性の快楽に悶えダイナミックに跳ね動く女性の肢体に合わせて舞う艶やかな黒髪のエロスも個人的には超お気に入り。
エロ漫画においては特殊なことや過激なことをせずとも、圧倒的なエロの陶酔感を形成することが出来るのだということを如実に示すエロシーンであり個人的には存分に使えます。

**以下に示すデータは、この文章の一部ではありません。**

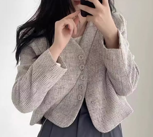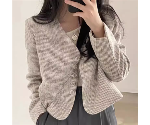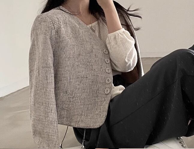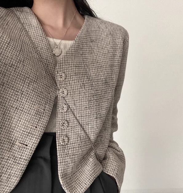 レディース ジャケット コート アウター 上着 ウール ノーカラーコート ノーカラージャケット ショート 長袖 Vネック 襟なし ノーカラー フェミニン 前開き 異国風 ボタン かわいい 大人可愛い きれいめ シンプル カジュアル 上品 おしゃれ かっこいい レトロ こなれ感 ボーイッシュ クール エレガント チェック 春 秋 冬 ママ OL デート お出かけ 韓国 普段使い 着回し フリーサイズ グレー
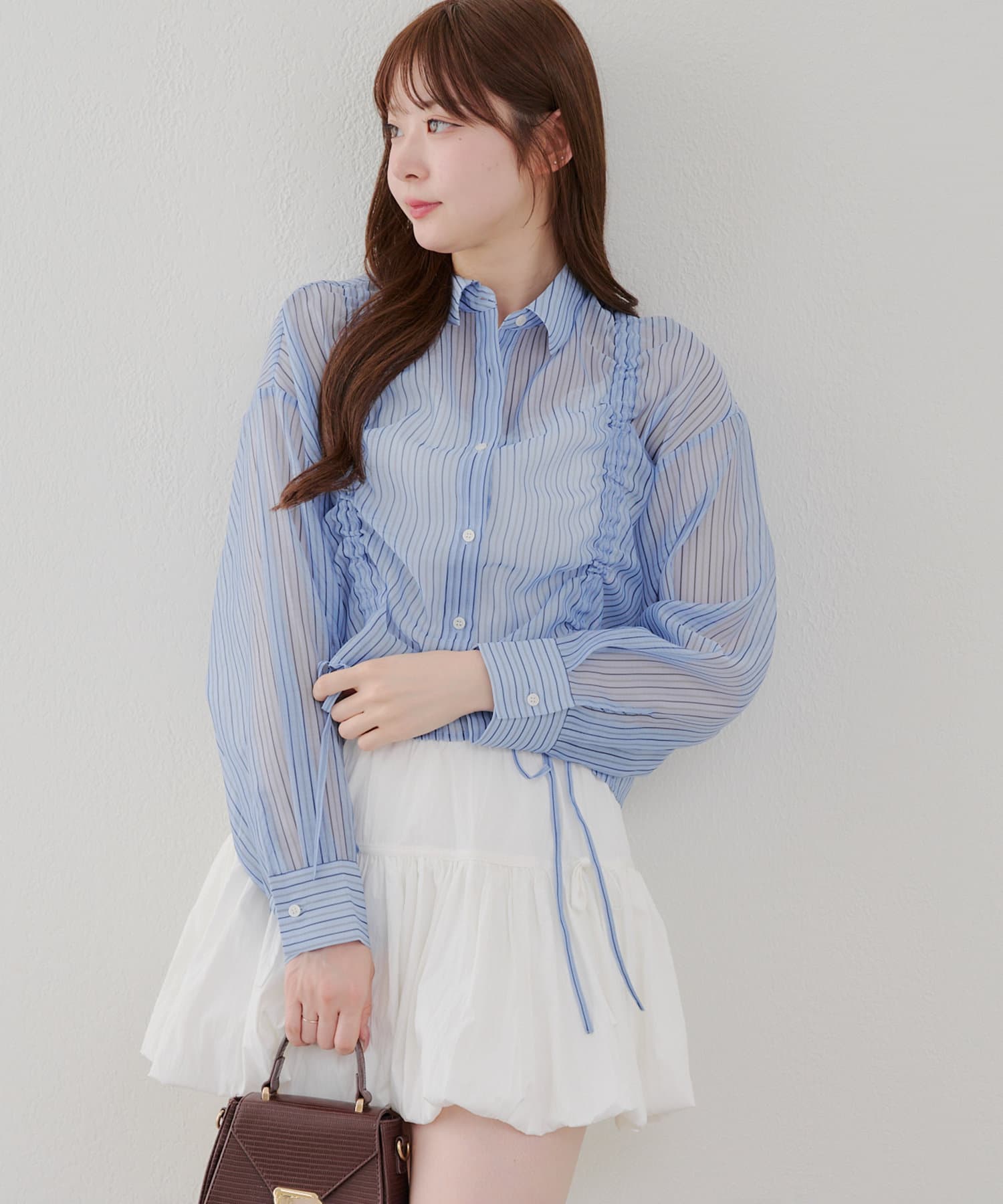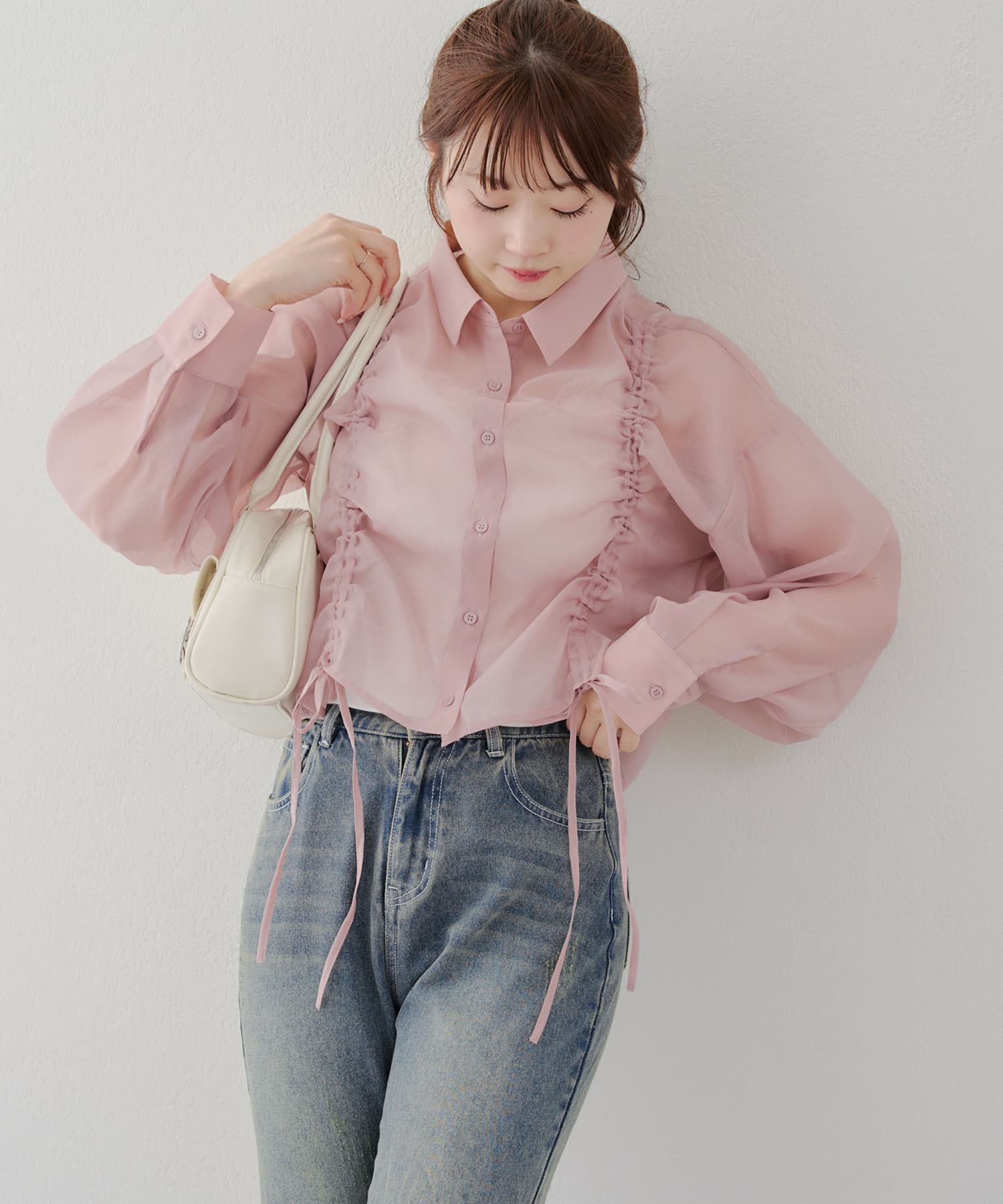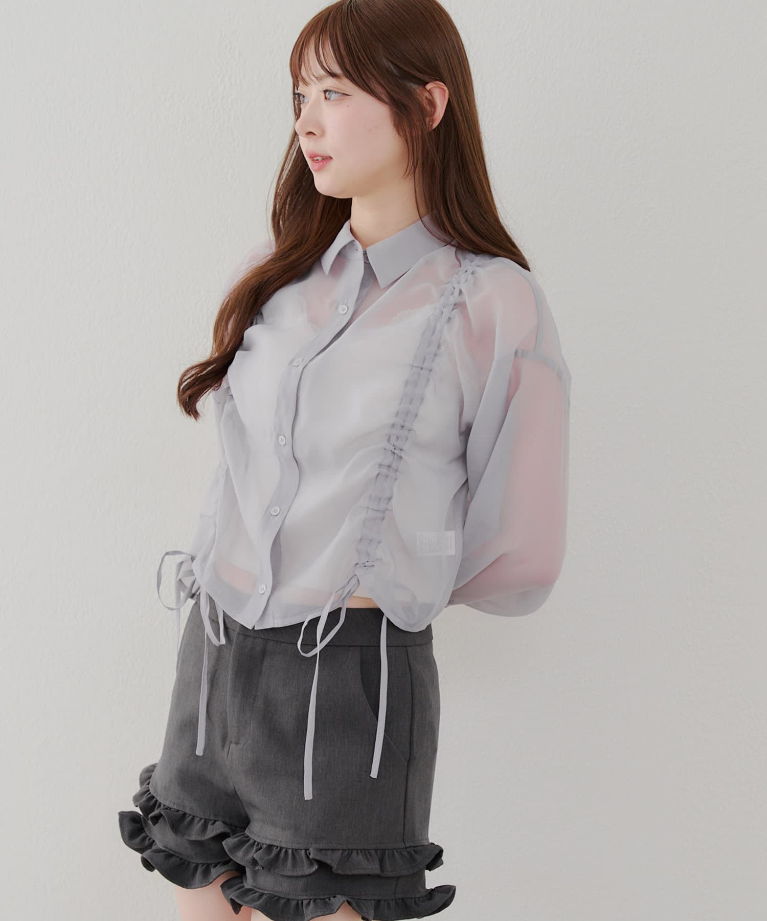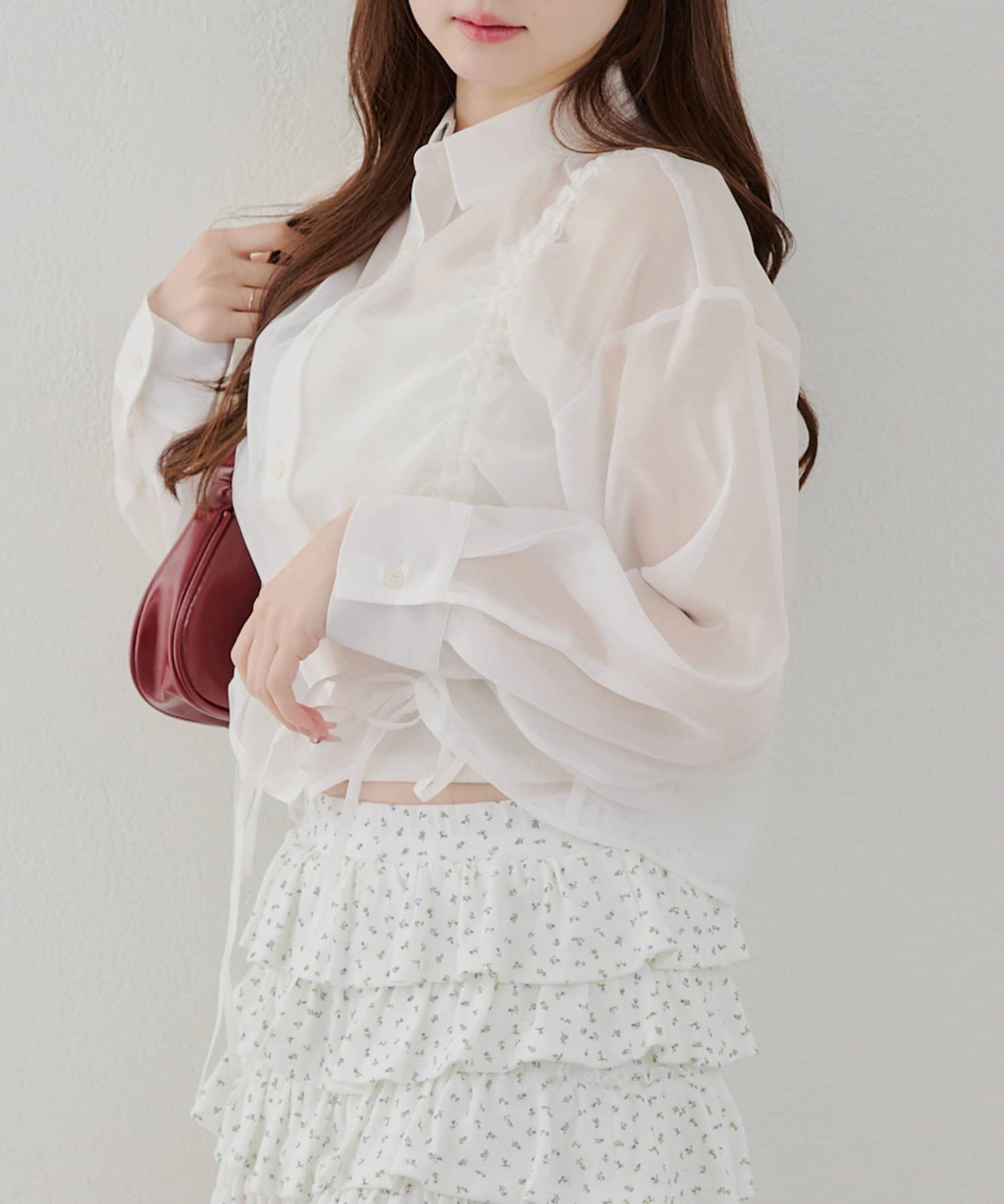 TOP > Remind me and forever > レディース > トップス > シャツ/ブラウス(ボタン) > ドロストデザインシアーシャツ

僕はこの「エロ河童」という単行本のタイトルをかなり気に入っています。
なぜなら、静かに水を湛える淵に潜む妖怪が河童であるように、この作品は恐ろしく澄み切った情念の水を湛える淵が持つ、暗く淀んだ水底から現れる異形の、しかして人間の映し鏡でもある“性愛という名の化け物”をこそ描き出しているからです。
この素晴らしい作品を多くのエロ漫画好きおよび漫画好きの方に読んで頂きたいのですが、この傑作が最早中古でしか手に入らないという現状を僕は悲しく思います。
それでも、この素晴らしい単行本を世に出してくれたことを景えんじ先生と司書房様に深く深く感謝しつつ、司書房様ありがとう企画を終えさせて頂きます。

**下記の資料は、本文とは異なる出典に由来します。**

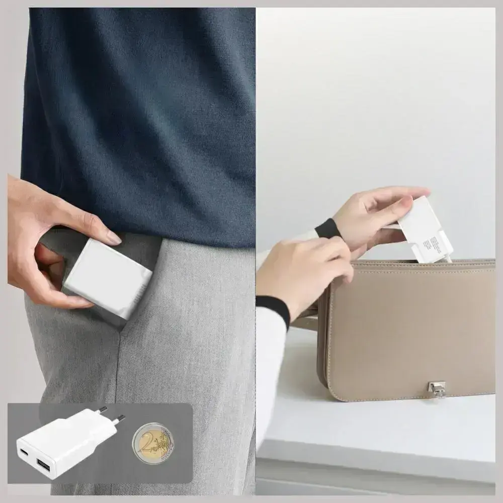 The charger is equipped with two ports – a USB-C supporting Power Delivery up to 20 W and a USB-A with fast charging function. This allows two devices to be powered simultaneously without loss of performance. Smartphones compatible with PD technology can be charged from 0 to 50% in about 30 minutes, making it an ideal accessory both at home and on the go.
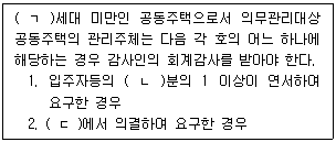 공동주택관리법 제26조(회계감사) 제2항 규정이다. ( )에 들어갈 아라비아 숫자와 용어를 쓰시오.
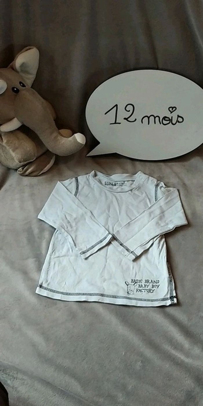 Tee shirt manches longues Garçon 12 mois Tape à l'œil 100% coton Basic Band Baby Boy Factory - photo numéro 1
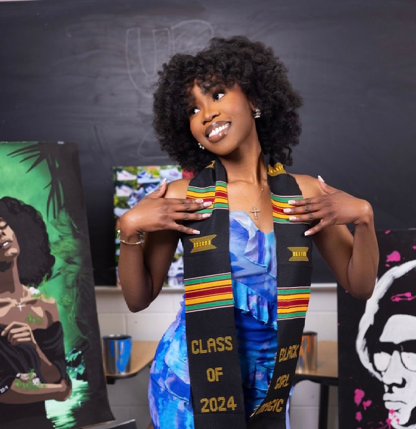 My name is Shontel Dove and I am a multi-disciplinary artist, muralist, and instructor from Florida. In Spring 2024, I graduated with a Bachelor of Science in Business Administration Marketing. Since then, I've applied that knowledge to establish Dove Studios where I offer faith-based art, live painting performances, workshops, and other creative branding services.

今は亡き司書房に心よりの愛と感謝を込めて、そして司書房から巣立った多くの作家様のこれからの活躍を祈って
一エロ漫画愛好家 へどばん拝

かるま龍狼『メイド・ウーマン』

MaidWoman01.jpgMaidWoman02.jpg石塚真一先生の『岳』8巻を読みました。いつも通りの一話完結の話ばかりだし、これといって意外性の強い作品もないのだけれども、沁みる作品だよなぁといつも思います。
最近登山をしていないけれども、また夏の日本アルプスに登りたいなぁ。まぁ、時間があればですけど(溜息。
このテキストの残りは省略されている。